Plage : ces gestes qui risquent de vous coûter cher
Plage : ces gestes qui risquent de vous coûter cher !-© Shutterstock

A l’instar de nombreux autres lieux publics, le bord de mer est aussi régie par des règles. Méfiez-vous de ces gestes interdits sur la plage qui risquent de vous coûter cher si vous n’en prenez pas connaissance !

Plage : ces gestes qui risquent de vous coûter cher

Il peut être tentant de faire griller merguez et chipolatas à la plage lors d’un pique-nique entre copains avec vue sur la mer. Pour ne pas finir avec une contravention de 38 euros dans la main, renseignez-vous d’abord auprès de la mairie.

Si la loi ne stipule aucune interdiction particulière, les municipalités disposent du pouvoir de promulguer des décrets pour proscrire certaines activités, comme les barbecues sur le sable, à l’exemple de Cannes.

Généralement, des panneaux placés sur le littoral informent les baigneurs des restrictions en vigueur. Les feux de camp sont également interdits pour des raisons environnementales et de sécurité.

Il faut également faire attention au ramassage de sable et de coquillages sur la plage. Vous encourez une amende qui peut aller jusqu’à 1 500 euros pour atteinte au domaine public maritime.

Seul le sable « éolien » ( comprendre déplacé par le vent, NDLR) déroge à la règle. « les autorités peuvent [toutefois] tolérer le ramassage lorsqu’il se fait en petite quantité», indique service-public.fr.

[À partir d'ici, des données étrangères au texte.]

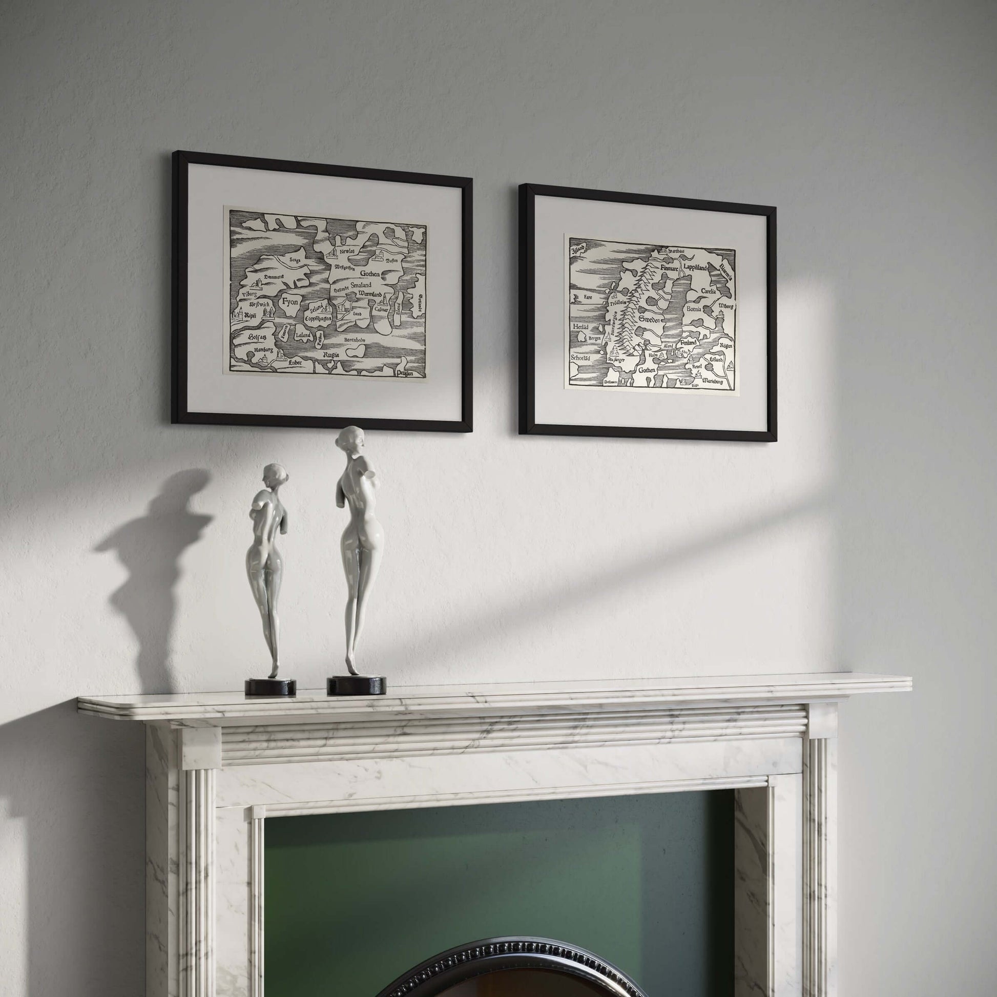 Kartorna är varsamt reproducerade och förstorade från originalverkets träsnitt och är mycket dekorativa. Båda kartorna går att få handkolorerade och en exempelbild från historisk förlaga går att se ovan för exempel.
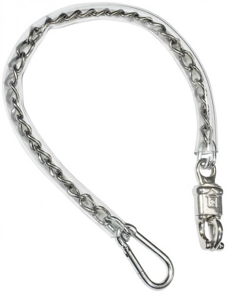 Metalowy łańcuch osłonięty gumą idealny jako uwiąz do przyczepy. Z jednej strony posiada karabińczyk oczkowy, a z drugiej karabińczyk bezpieczeństwa.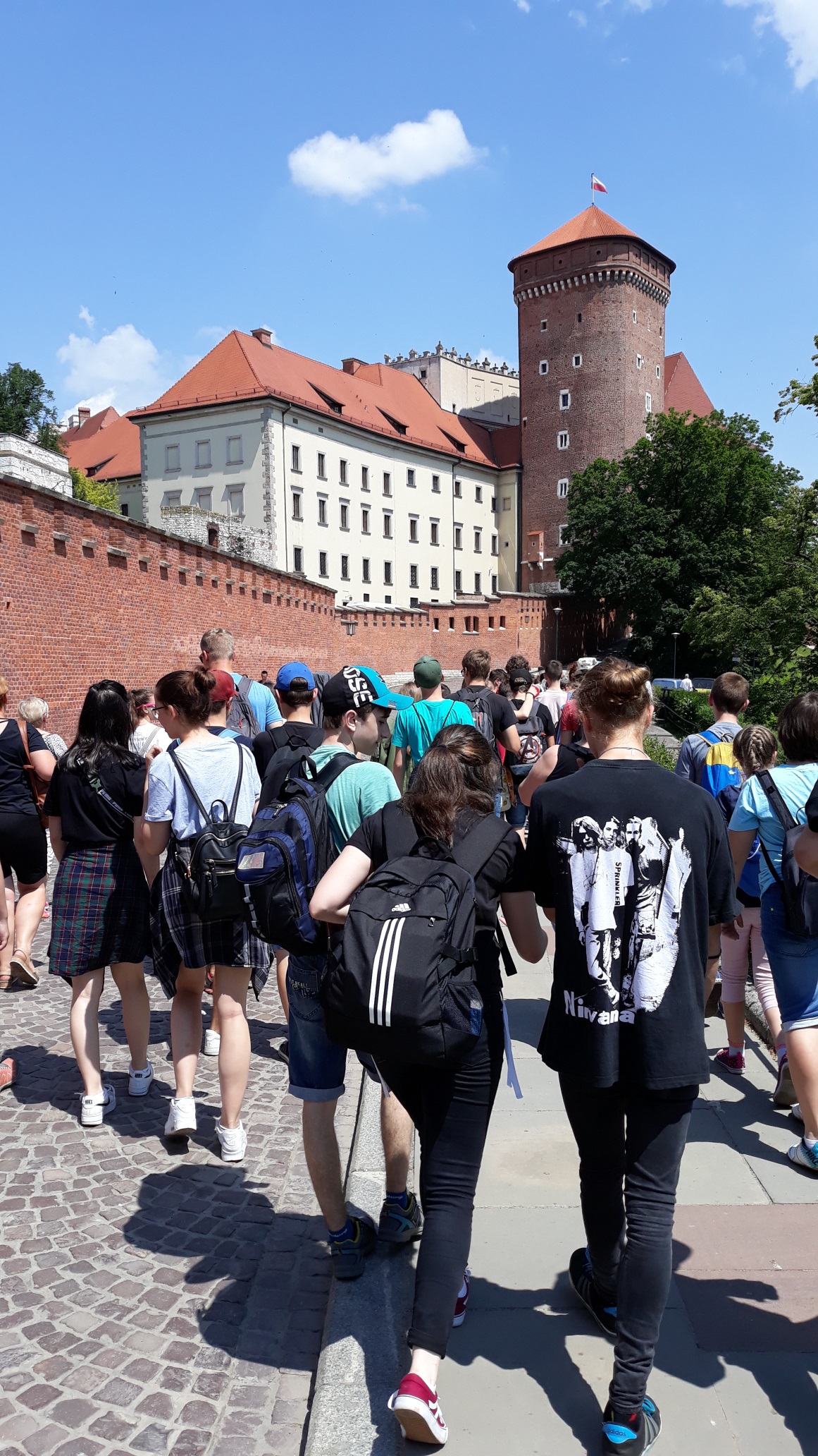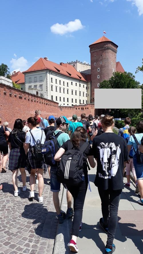 Na 2. deň hneď po raňajkách sme s plnými batohmi a novým elánom nasadli do autobusu a presunuli sa do niekdajšieho hlavného mesta Poľska – Krakova. Ako prvé sa nám naskytol pohľad na pokojný tok rieky Visly, pri ktorej nás už čakala naša sprievodkyňa. Previedla nás starobylými uličkami tohto kráľovského mesta, veľkolepými námestiami, ktoré boli plné historických budov, majestátnych kostolov, domov. Prezreli sme si židovskú štvrť Kazimierz, ktorú tvoria krátke ulice s nízkymi domami, na ktorých sa nachádzajú tabuľky s menami židovských obchodníkov. Miesto preslávil aj film Schindlerov zoznam. Videli sme najstarší židovský cintorín i krakovskú Starú synagógu. Zaujalo nás Hlavné námestie (Rynok Glowny) – jedno z najväčších stredovekých námestí v strednej Európe s unikátnymi gotickými, renesančnými a barokovými budovami, dominantným Mariánskym kostolom (symbol poľskej architektúry), stredovekou tržnicou /Sukiennica/ i známou Jagelonskou univerzitou. Po prehliadke sme mali rozchod v centre mesta, ktorý sme využili na obed alebo nákup krásnych suvenírov. Doteraz nemôžeme zabudnúť na úžasnú atmosféru mesta a nezabudnuteľnú vôňu „praclíkov“, ktorú bolo cítiť na každom kroku.

Si l’envie vous prend de vous faire dorer en tenue d’Adam et Eve, on vous recommande de le faire sur une plage où la pratique est autorisée.

Sinon, votre nudité peut être perçue comme une exhibition sexuelle par la loi. Cela pourra vous faire valoir 15.000 euros d’amende voire une année de prison.

La liste est longue…

Gare aux amateurs de vidéos aériennes. Il faut savoir que la législation française restreint l’utilisation des drones à proximité des agglomérations.

Vous ne vouliez sûrement pas payer 75000 euros pour une simple vue du ciel, sans oublier le risque de peine de prison.

Cueillir des plantes sauvages le long du littoral constitue par ailleurs, une « atteinte à la conservation d’espèces végétales non cultivées ». Selon l’article L415-3 du Code de l’environnement, ce délit peut être sanctionné jusqu’à 3 ans d’emprisonnement.